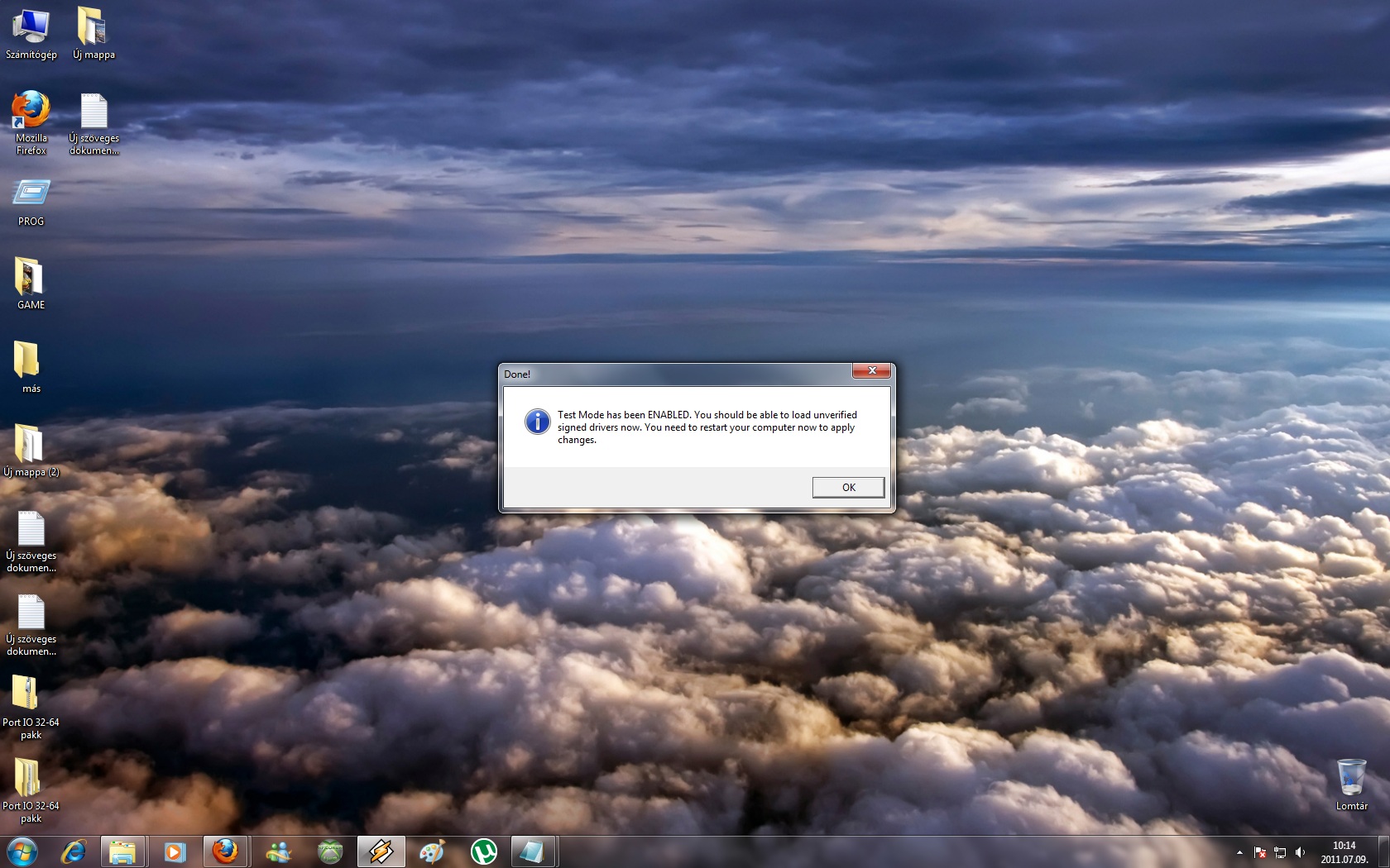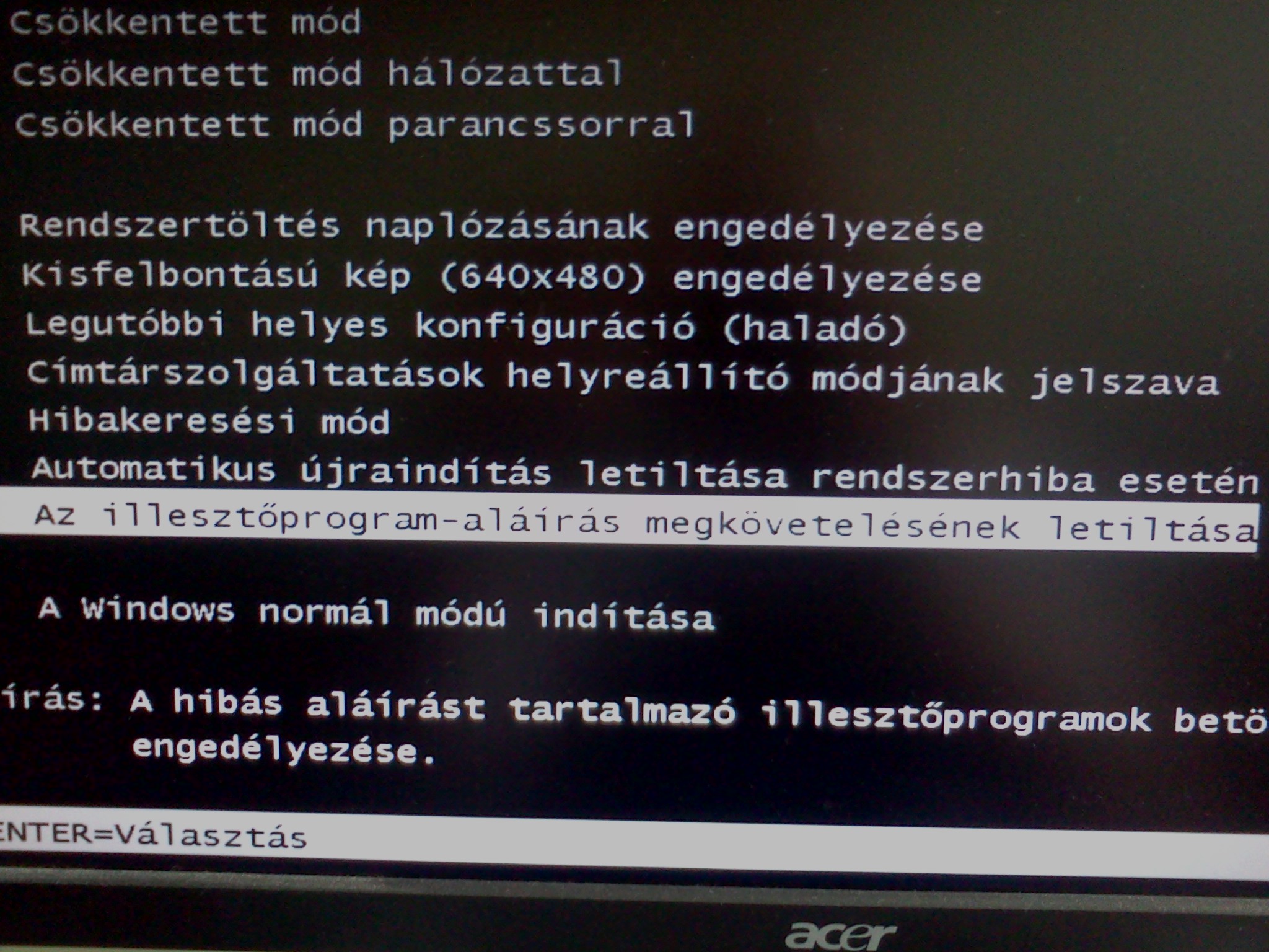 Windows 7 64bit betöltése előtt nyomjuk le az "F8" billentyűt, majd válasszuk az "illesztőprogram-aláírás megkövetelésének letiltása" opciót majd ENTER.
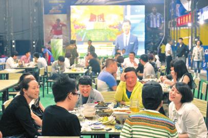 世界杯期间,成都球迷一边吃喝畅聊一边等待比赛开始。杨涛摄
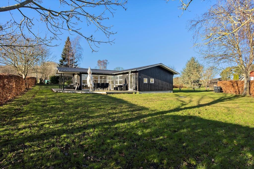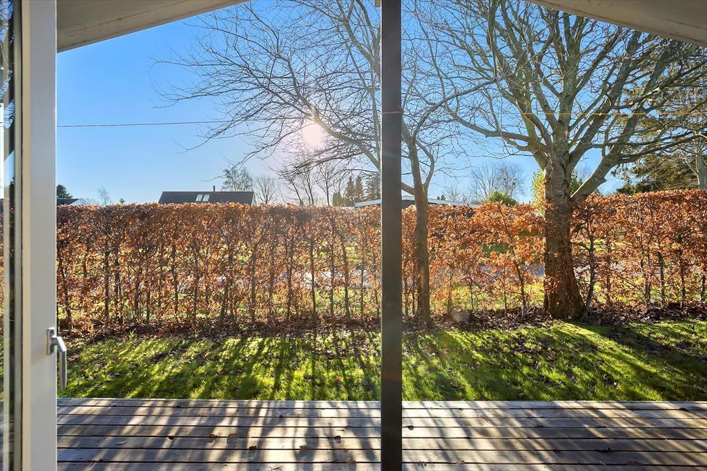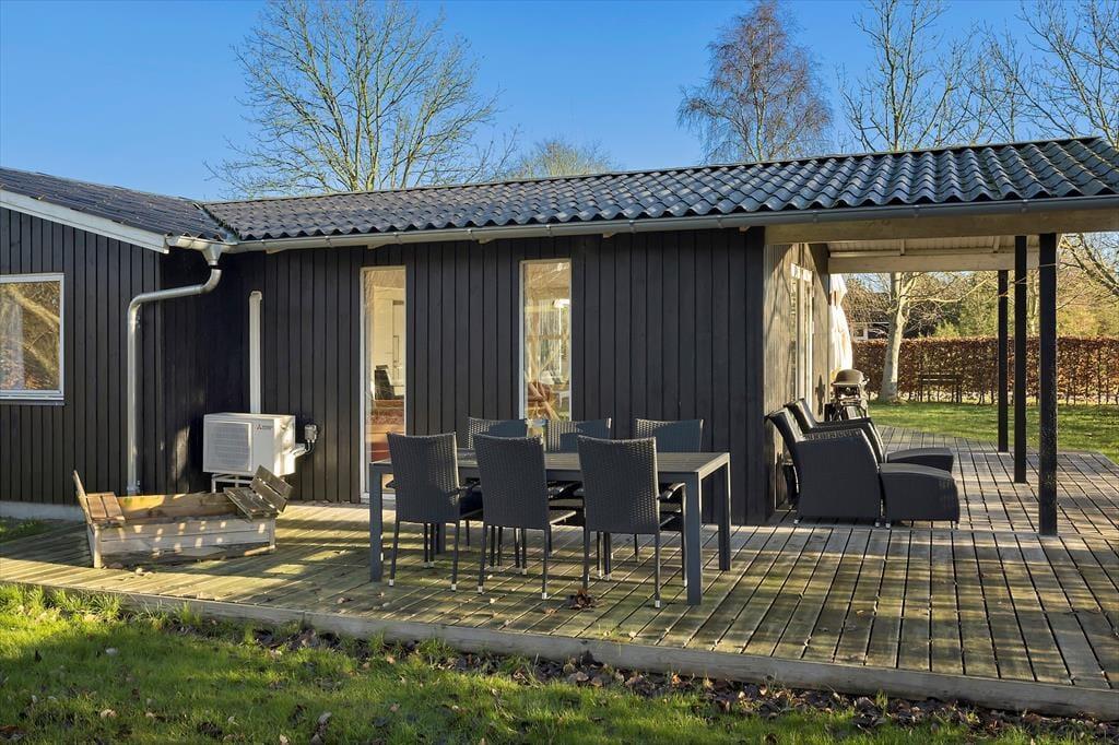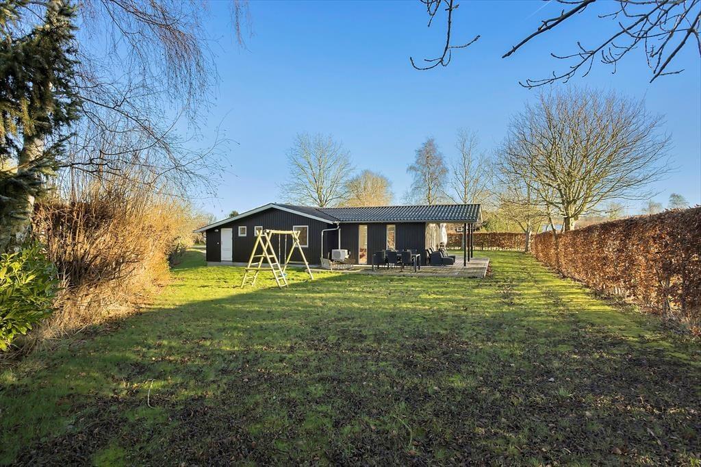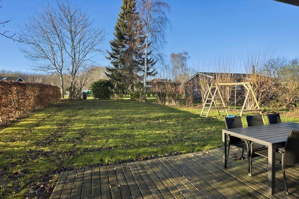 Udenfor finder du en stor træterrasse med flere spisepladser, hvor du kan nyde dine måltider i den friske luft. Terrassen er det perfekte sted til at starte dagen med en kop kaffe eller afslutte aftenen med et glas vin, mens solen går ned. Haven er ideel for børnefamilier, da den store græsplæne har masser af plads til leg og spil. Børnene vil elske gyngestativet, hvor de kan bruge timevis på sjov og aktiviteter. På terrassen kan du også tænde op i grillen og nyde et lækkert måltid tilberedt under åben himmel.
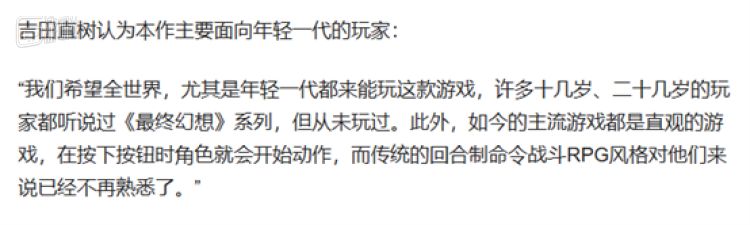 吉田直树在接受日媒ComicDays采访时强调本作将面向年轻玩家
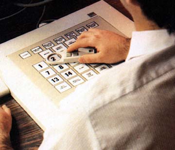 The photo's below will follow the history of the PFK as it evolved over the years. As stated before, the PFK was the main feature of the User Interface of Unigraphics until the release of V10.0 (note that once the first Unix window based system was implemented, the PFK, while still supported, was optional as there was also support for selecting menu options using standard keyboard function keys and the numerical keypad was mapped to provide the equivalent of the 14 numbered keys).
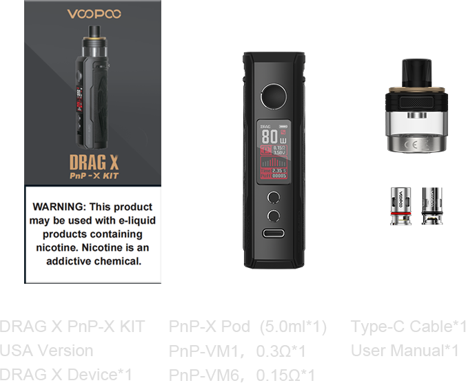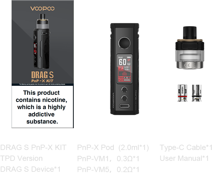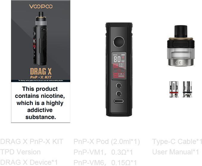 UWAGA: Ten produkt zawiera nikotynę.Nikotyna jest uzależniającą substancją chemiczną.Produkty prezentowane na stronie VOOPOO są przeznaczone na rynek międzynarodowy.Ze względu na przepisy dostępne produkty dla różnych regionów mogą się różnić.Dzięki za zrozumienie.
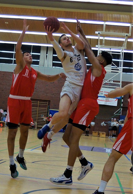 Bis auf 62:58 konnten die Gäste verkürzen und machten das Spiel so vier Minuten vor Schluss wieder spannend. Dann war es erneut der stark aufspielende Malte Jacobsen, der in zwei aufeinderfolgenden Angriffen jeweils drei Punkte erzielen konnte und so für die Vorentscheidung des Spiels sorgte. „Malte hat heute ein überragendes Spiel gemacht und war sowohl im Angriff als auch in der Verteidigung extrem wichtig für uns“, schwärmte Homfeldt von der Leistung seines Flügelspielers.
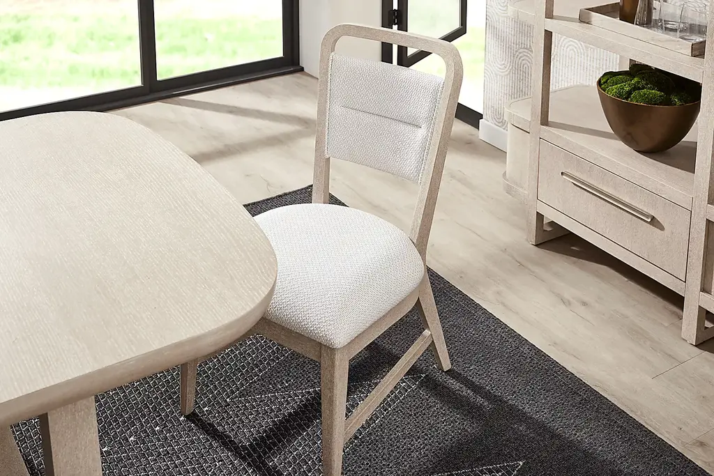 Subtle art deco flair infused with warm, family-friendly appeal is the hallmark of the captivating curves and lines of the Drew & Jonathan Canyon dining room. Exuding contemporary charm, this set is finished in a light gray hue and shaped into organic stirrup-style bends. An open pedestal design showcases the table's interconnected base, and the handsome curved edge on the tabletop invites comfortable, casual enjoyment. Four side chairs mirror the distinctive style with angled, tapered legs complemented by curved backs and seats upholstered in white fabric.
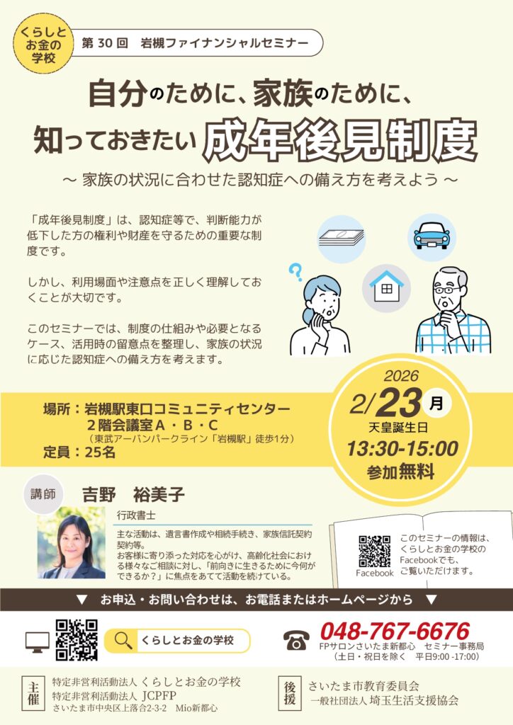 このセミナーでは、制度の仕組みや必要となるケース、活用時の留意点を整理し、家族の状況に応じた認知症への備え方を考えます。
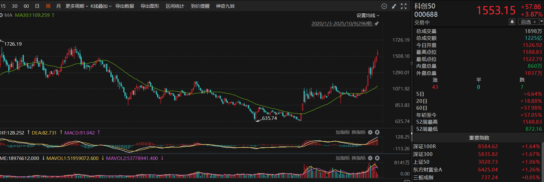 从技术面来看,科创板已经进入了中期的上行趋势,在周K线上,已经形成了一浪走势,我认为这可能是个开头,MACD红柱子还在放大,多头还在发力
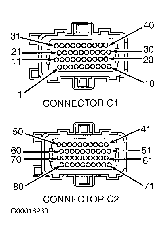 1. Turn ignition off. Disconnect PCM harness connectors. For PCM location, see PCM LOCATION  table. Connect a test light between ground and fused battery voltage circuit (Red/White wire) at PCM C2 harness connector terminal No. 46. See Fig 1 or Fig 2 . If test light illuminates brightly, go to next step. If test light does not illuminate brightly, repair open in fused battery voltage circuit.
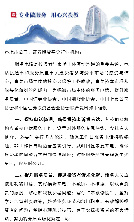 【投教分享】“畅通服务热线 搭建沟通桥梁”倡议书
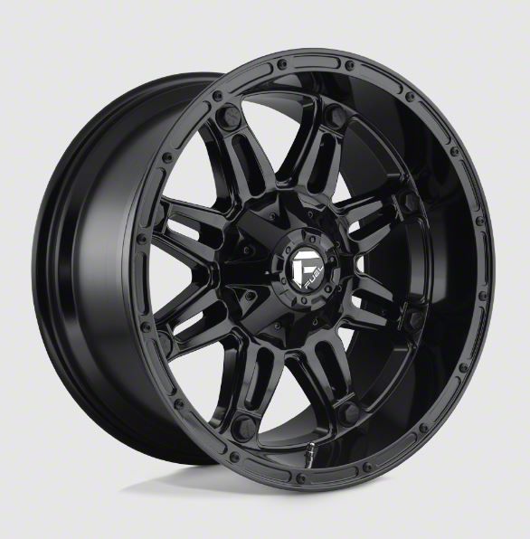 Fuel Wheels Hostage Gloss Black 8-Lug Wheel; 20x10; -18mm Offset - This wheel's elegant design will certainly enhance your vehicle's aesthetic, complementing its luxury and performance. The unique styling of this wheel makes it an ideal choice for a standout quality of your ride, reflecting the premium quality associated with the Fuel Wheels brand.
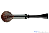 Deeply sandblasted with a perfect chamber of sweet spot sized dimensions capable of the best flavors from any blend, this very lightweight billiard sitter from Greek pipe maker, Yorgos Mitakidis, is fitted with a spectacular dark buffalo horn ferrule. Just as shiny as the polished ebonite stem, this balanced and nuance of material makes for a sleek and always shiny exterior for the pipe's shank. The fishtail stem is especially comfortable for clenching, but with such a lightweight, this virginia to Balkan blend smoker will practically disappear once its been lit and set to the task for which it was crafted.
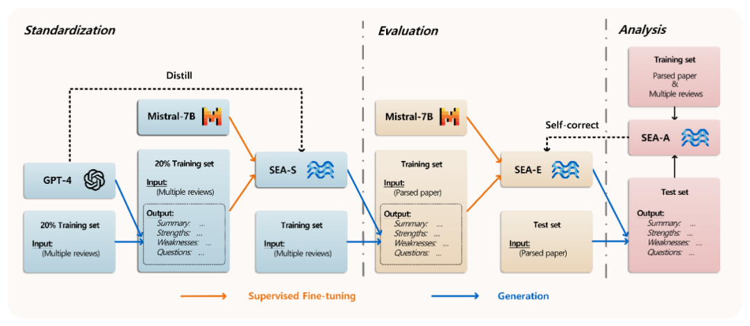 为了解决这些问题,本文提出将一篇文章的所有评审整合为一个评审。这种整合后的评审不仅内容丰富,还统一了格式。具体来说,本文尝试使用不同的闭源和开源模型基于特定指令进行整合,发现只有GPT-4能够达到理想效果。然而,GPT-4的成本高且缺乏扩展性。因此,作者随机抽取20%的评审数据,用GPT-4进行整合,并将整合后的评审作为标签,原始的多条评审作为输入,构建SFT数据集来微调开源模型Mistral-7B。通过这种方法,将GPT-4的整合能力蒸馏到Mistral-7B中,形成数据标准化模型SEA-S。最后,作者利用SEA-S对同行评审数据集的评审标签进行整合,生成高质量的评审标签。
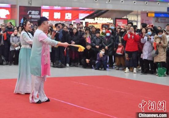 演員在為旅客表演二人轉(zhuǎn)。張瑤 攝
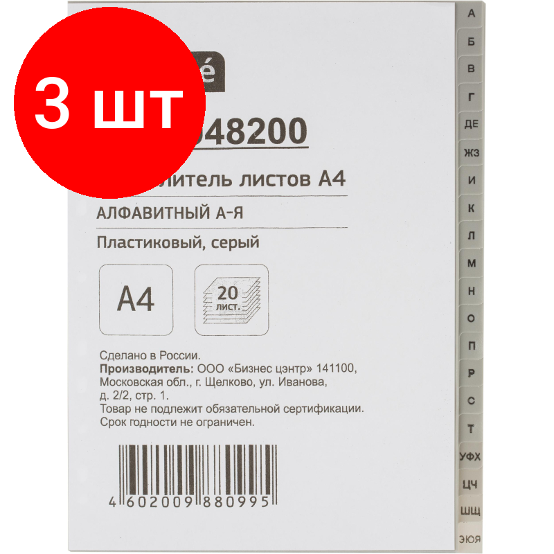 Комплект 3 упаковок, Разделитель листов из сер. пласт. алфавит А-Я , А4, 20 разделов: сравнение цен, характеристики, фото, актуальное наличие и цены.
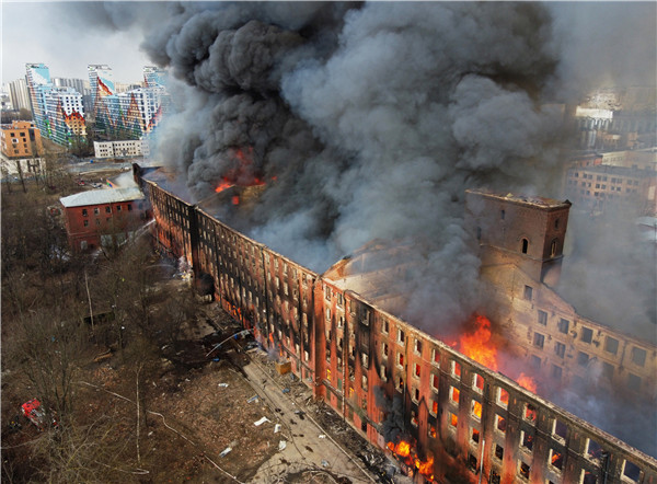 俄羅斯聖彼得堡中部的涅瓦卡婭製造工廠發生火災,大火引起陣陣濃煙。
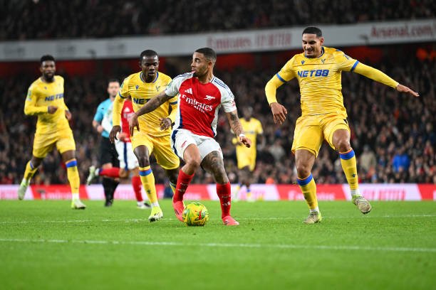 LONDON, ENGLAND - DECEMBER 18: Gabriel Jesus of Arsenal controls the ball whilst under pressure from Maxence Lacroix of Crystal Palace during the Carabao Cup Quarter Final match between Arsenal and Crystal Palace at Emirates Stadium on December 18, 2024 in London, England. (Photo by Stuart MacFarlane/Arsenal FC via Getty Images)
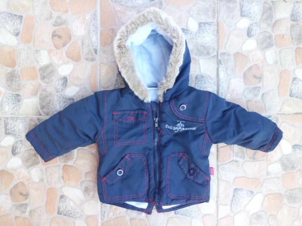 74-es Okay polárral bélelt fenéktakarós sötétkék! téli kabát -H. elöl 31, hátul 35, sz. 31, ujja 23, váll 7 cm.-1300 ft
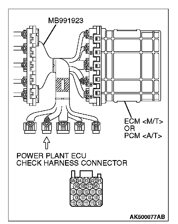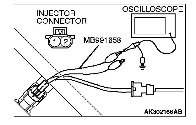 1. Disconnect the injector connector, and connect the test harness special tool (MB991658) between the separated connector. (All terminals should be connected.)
-----
> _Your assignment_:
All the material above should be written out exactly, with images omitted.

> _Exercise output_:
 Windows 7 64bit betöltése előtt nyomjuk le az "F8" billentyűt, majd válasszuk az "illesztőprogram-aláírás megkövetelésének letiltása" opciót majd ENTER.
 世界杯期间,成都球迷一边吃喝畅聊一边等待比赛开始。杨涛摄
 Udenfor finder du en stor træterrasse med flere spisepladser, hvor du kan nyde dine måltider i den friske luft. Terrassen er det perfekte sted til at starte dagen med en kop kaffe eller afslutte aftenen med et glas vin, mens solen går ned. Haven er ideel for børnefamilier, da den store græsplæne har masser af plads til leg og spil. Børnene vil elske gyngestativet, hvor de kan bruge timevis på sjov og aktiviteter. På terrassen kan du også tænde op i grillen og nyde et lækkert måltid tilberedt under åben himmel.
 吉田直树在接受日媒ComicDays采访时强调本作将面向年轻玩家
 The photo's below will follow the history of the PFK as it evolved over the years. As stated before, the PFK was the main feature of the User Interface of Unigraphics until the release of V10.0 (note that once the first Unix window based system was implemented, the PFK, while still supported, was optional as there was also support for selecting menu options using standard keyboard function keys and the numerical keypad was mapped to provide the equivalent of the 14 numbered keys).
 UWAGA: Ten produkt zawiera nikotynę.Nikotyna jest uzależniającą substancją chemiczną.Produkty prezentowane na stronie VOOPOO są przeznaczone na rynek międzynarodowy.Ze względu na przepisy dostępne produkty dla różnych regionów mogą się różnić.Dzięki za zrozumienie.
 Bis auf 62:58 konnten die Gäste verkürzen und machten das Spiel so vier Minuten vor Schluss wieder spannend. Dann war es erneut der stark aufspielende Malte Jacobsen, der in zwei aufeinderfolgenden Angriffen jeweils drei Punkte erzielen konnte und so für die Vorentscheidung des Spiels sorgte. „Malte hat heute ein überragendes Spiel gemacht und war sowohl im Angriff als auch in der Verteidigung extrem wichtig für uns“, schwärmte Homfeldt von der Leistung seines Flügelspielers.
 Subtle art deco flair infused with warm, family-friendly appeal is the hallmark of the captivating curves and lines of the Drew & Jonathan Canyon dining room. Exuding contemporary charm, this set is finished in a light gray hue and shaped into organic stirrup-style bends. An open pedestal design showcases the table's interconnected base, and the handsome curved edge on the tabletop invites comfortable, casual enjoyment. Four side chairs mirror the distinctive style with angled, tapered legs complemented by curved backs and seats upholstered in white fabric.
 このセミナーでは、制度の仕組みや必要となるケース、活用時の留意点を整理し、家族の状況に応じた認知症への備え方を考えます。
 从技术面来看,科创板已经进入了中期的上行趋势,在周K线上,已经形成了一浪走势,我认为这可能是个开头,MACD红柱子还在放大,多头还在发力
 1. Turn ignition off. Disconnect PCM harness connectors. For PCM location, see PCM LOCATION  table. Connect a test light between ground and fused battery voltage circuit (Red/White wire) at PCM C2 harness connector terminal No. 46. See Fig 1 or Fig 2 . If test light illuminates brightly, go to next step. If test light does not illuminate brightly, repair open in fused battery voltage circuit.
 【投教分享】“畅通服务热线 搭建沟通桥梁”倡议书
 Fuel Wheels Hostage Gloss Black 8-Lug Wheel; 20x10; -18mm Offset - This wheel's elegant design will certainly enhance your vehicle's aesthetic, complementing its luxury and performance. The unique styling of this wheel makes it an ideal choice for a standout quality of your ride, reflecting the premium quality associated with the Fuel Wheels brand.
 Deeply sandblasted with a perfect chamber of sweet spot sized dimensions capable of the best flavors from any blend, this very lightweight billiard sitter from Greek pipe maker, Yorgos Mitakidis, is fitted with a spectacular dark buffalo horn ferrule. Just as shiny as the polished ebonite stem, this balanced and nuance of material makes for a sleek and always shiny exterior for the pipe's shank. The fishtail stem is especially comfortable for clenching, but with such a lightweight, this virginia to Balkan blend smoker will practically disappear once its been lit and set to the task for which it was crafted.
 为了解决这些问题,本文提出将一篇文章的所有评审整合为一个评审。这种整合后的评审不仅内容丰富,还统一了格式。具体来说,本文尝试使用不同的闭源和开源模型基于特定指令进行整合,发现只有GPT-4能够达到理想效果。然而,GPT-4的成本高且缺乏扩展性。因此,作者随机抽取20%的评审数据,用GPT-4进行整合,并将整合后的评审作为标签,原始的多条评审作为输入,构建SFT数据集来微调开源模型Mistral-7B。通过这种方法,将GPT-4的整合能力蒸馏到Mistral-7B中,形成数据标准化模型SEA-S。最后,作者利用SEA-S对同行评审数据集的评审标签进行整合,生成高质量的评审标签。
 演員在為旅客表演二人轉(zhuǎn)。張瑤 攝
 Комплект 3 упаковок, Разделитель листов из сер. пласт. алфавит А-Я , А4, 20 разделов: сравнение цен, характеристики, фото, актуальное наличие и цены.
 俄羅斯聖彼得堡中部的涅瓦卡婭製造工廠發生火災,大火引起陣陣濃煙。
 LONDON, ENGLAND - DECEMBER 18: Gabriel Jesus of Arsenal controls the ball whilst under pressure from Maxence Lacroix of Crystal Palace during the Carabao Cup Quarter Final match between Arsenal and Crystal Palace at Emirates Stadium on December 18, 2024 in London, England. (Photo by Stuart MacFarlane/Arsenal FC via Getty Images)
 74-es Okay polárral bélelt fenéktakarós sötétkék! téli kabát -H. elöl 31, hátul 35, sz. 31, ujja 23, váll 7 cm.-1300 ft
 1. Disconnect the injector connector, and connect the test harness special tool (MB991658) between the separated connector. (All terminals should be connected.)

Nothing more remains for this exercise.